Could you retype, exactly and with no pictures, only the lines from the first line of the records below through the line that contains "it be possible"?
[[ Recorded information open ]]
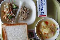 (今日の給食 焼きそば 他) (風があり高原の夏のようでした)
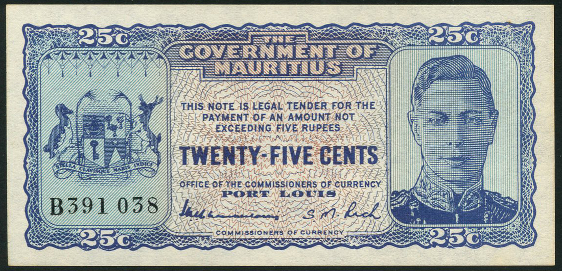 (x) Government of Mauritius, 25 cents, ND (1940), serial number B391 038, uniface, blue and pale lilac, portrait King George VI at right, arms at left, value top left and right and low left and right
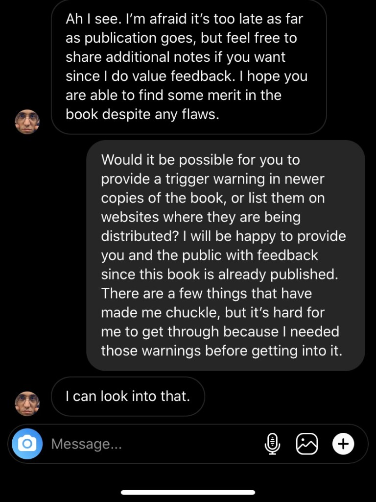 Me: “Would it be possible for you to provide a trigger warning in newer copies of the book, or list them on websites where they are being distributed? I will be happy to provide you and the public with feedback since this book is already published. There are a few things that have made me chuckle, but it’s hard for me to get through because I needed those warnings before getting into it.”
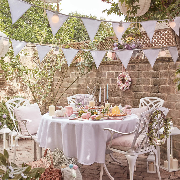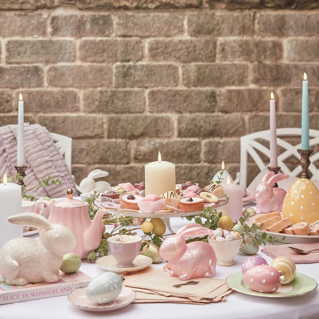 Embrace the magic and nostalgia of childhood tea parties and uplift table tops with a charming colour palette of pastel pinks, blues and yellows. The calming and peaceful tones transport you to an enchanting world full of wonder and happiness, perfect for creating some treasured memories for all the family to enjoy. Embrace the outdoors by weaving spring wreaths and garlands along your outdoor dining table, in between mottled glass bunny silhouettes and sparkling micro lights to create a whimsical tablescape this spring.
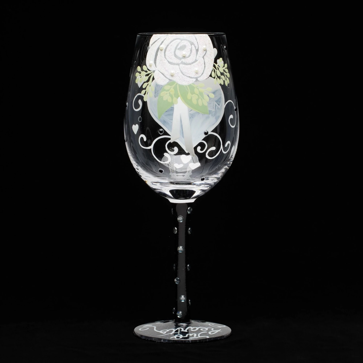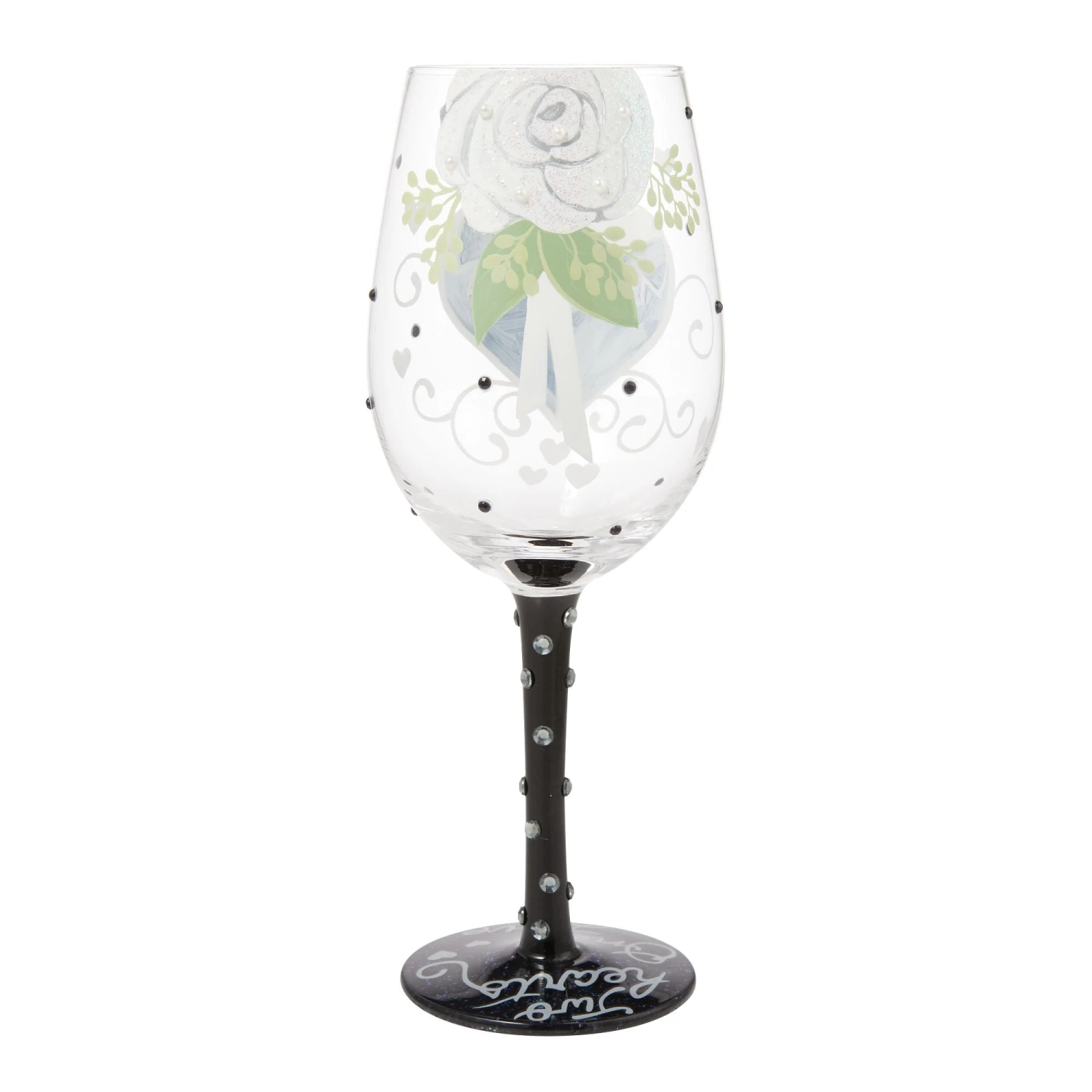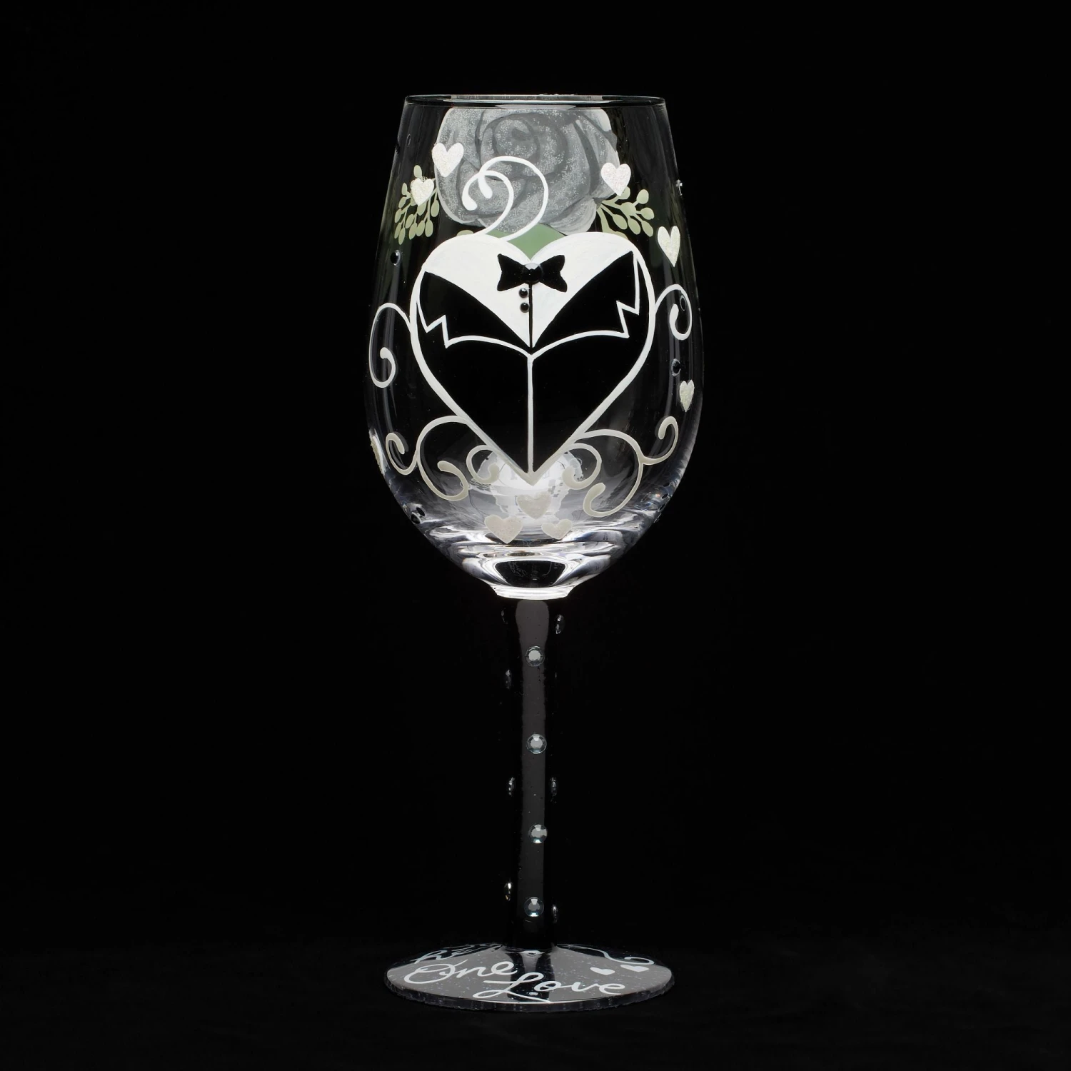Celebrate everlasting love with this romantic hand-painted wine glass from Lolita, inspired by the dashing groom. Adorned with charming white hearts, swirls, and a sophisticated tuxedo with a bow tie, this glass is a perfect for cheers to forever!
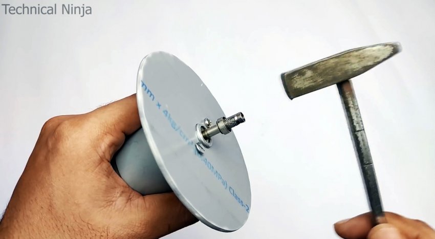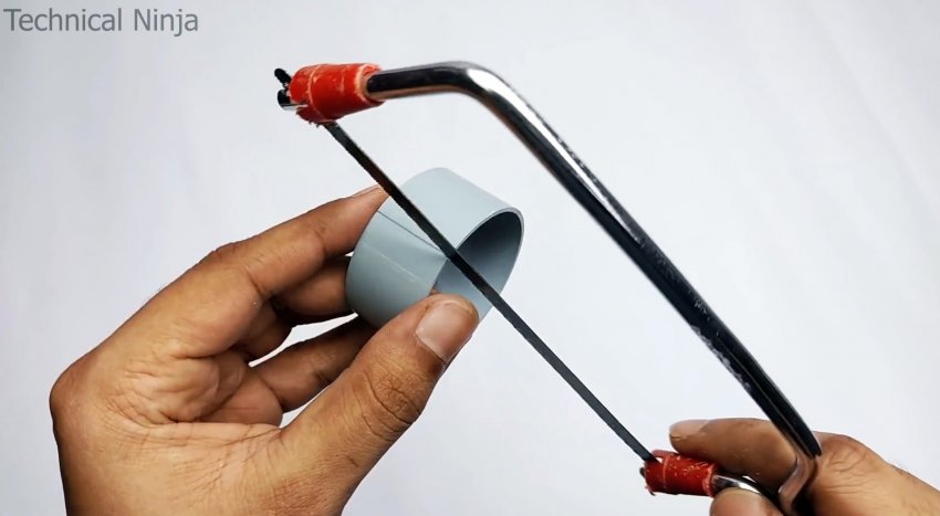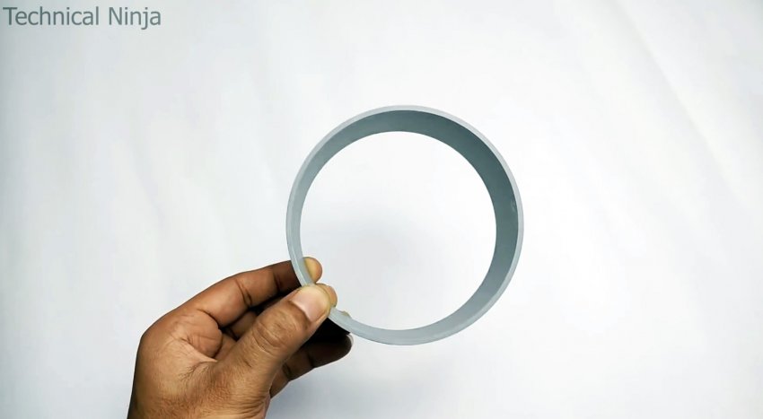 Затем требуется сделать для него заглушку. Для этого нужно распустить вдоль кусок такой же трубы, и разогрев пластик феном разровнять ее, прижав между двумя плоскостями до остывания. С полученной пластинки вырезается диск, который впритирку входит внутрь ранее отпиленного кольца.
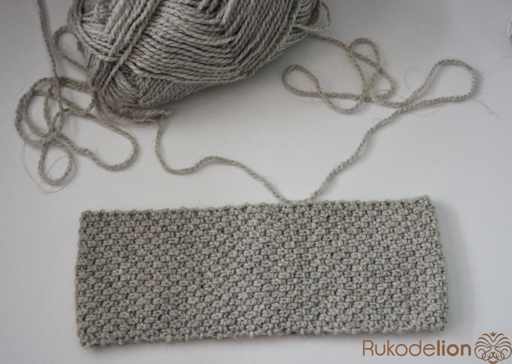 Когда повязка готова, складываем концы вместе и связываем их крючком или сшиваем иголкой и ниткой.
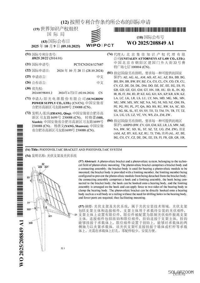 根据企查查数据显示阳光电源(300274)公布了一项国际专利申请,专利名为“光伏支架及光伏系统”,专利申请号为PCT/CN2024/127687.国际公布日为2025年10月9日。
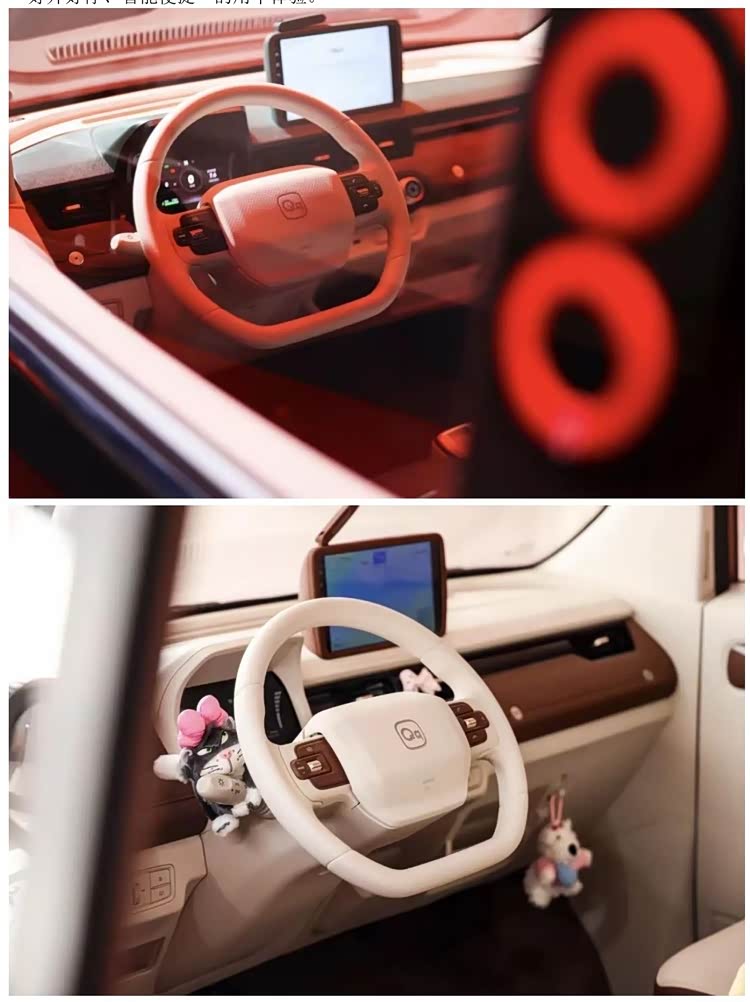 全新冰淇淋坚守 “四好高定小车” 核心产品理念 —— 颜值出众、实用性强、趣味十足、品质可靠,进一步强化 “两门高定出行潮品” 的市场定位,构建起覆盖外观、内饰、空间、性能、智能、安全的全维度高定体系。在产品实力方面,新车凭借 “四大同级独有” 与 “十项同级领先” 的优势打造技术壁垒。同级独有的皮质多功能方向盘、主驾补光化妆镜、3 个可拓展 1/4 螺纹接口及可加装行李架 & 小书包配置,尽显越级诚意;220km 续航里程、22kW 直流快充、高强度车身结构等十项同级领先技术,为城市日常出行与短途出游提供坚实保障。此外,4 米转弯半径、坡路辅助 + 蠕行模式、无感启动及 APP 远程操控等功能,进一步提升了车辆 “好开好停、智能便捷” 的使用体验。
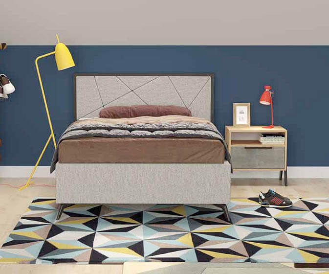 מיטה ברוחב וחצי מרופדת ומעוצבת עם ראש מיטה. המיטה עשויה MDF מלא ועבה (Multi Density Fireboard)
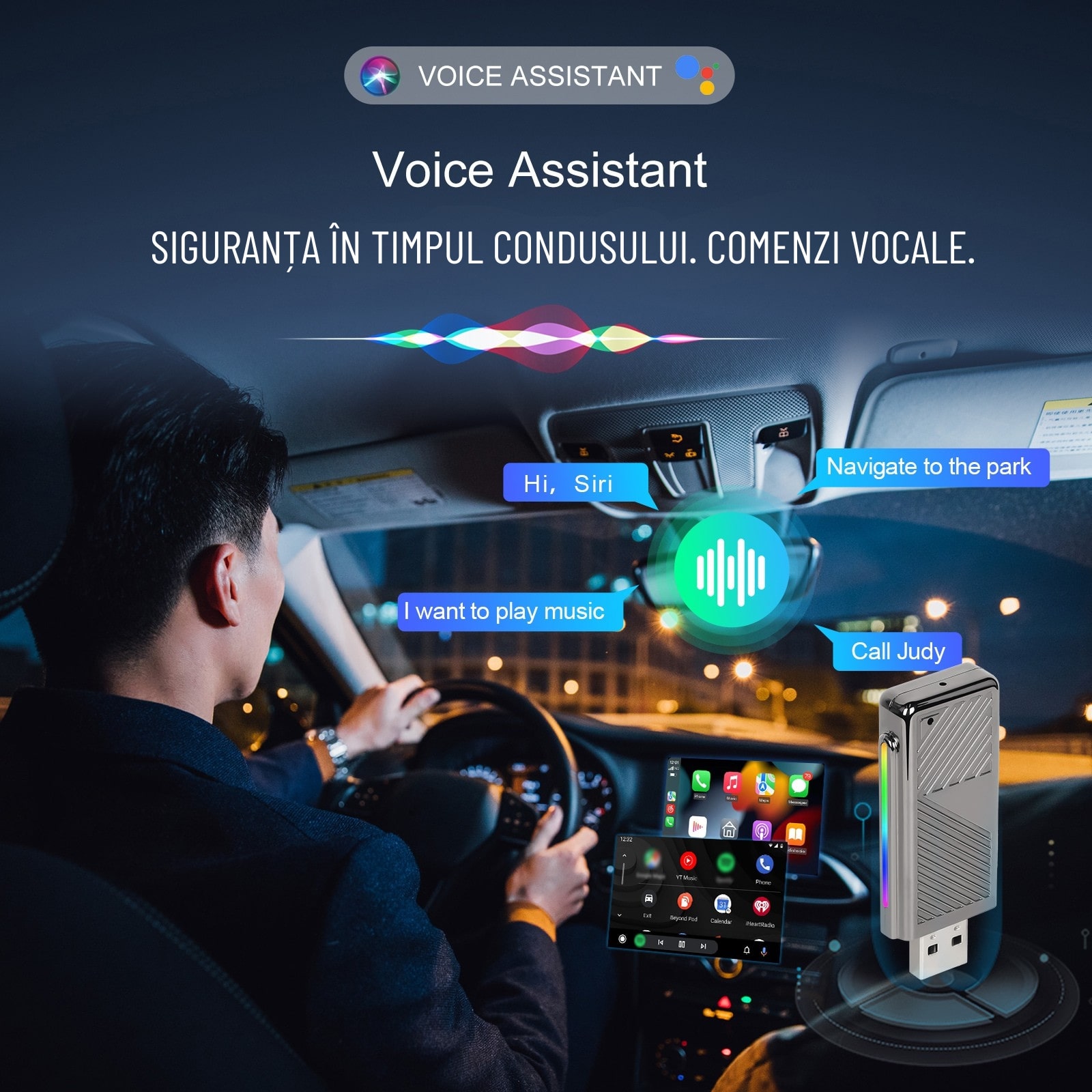 Siguranța în timpul condusului. Comenzi vocale: Atât Siri, cât și Google Assistant pot fi folosite pentru a efectua apeluri, trimite mesaje sau a solicita informații, oferindu-ți o experiență de conducere mai fluidă și mai sigură.
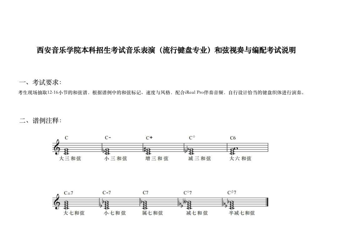 西音??剂餍墟I盤和弦視奏與編配考試說明 西安音樂學(xué)院本科招生..
[[ Recorded information closed ]]
§ **Response box**:
 (今日の給食 焼きそば 他) (風があり高原の夏のようでした)
 (x) Government of Mauritius, 25 cents, ND (1940), serial number B391 038, uniface, blue and pale lilac, portrait King George VI at right, arms at left, value top left and right and low left and right
 Me: “Would it be possible for you to provide a trigger warning in newer copies of the book, or list them on websites where they are being distributed? I will be happy to provide you and the public with feedback since this book is already published. There are a few things that have made me chuckle, but it’s hard for me to get through because I needed those warnings before getting into it.”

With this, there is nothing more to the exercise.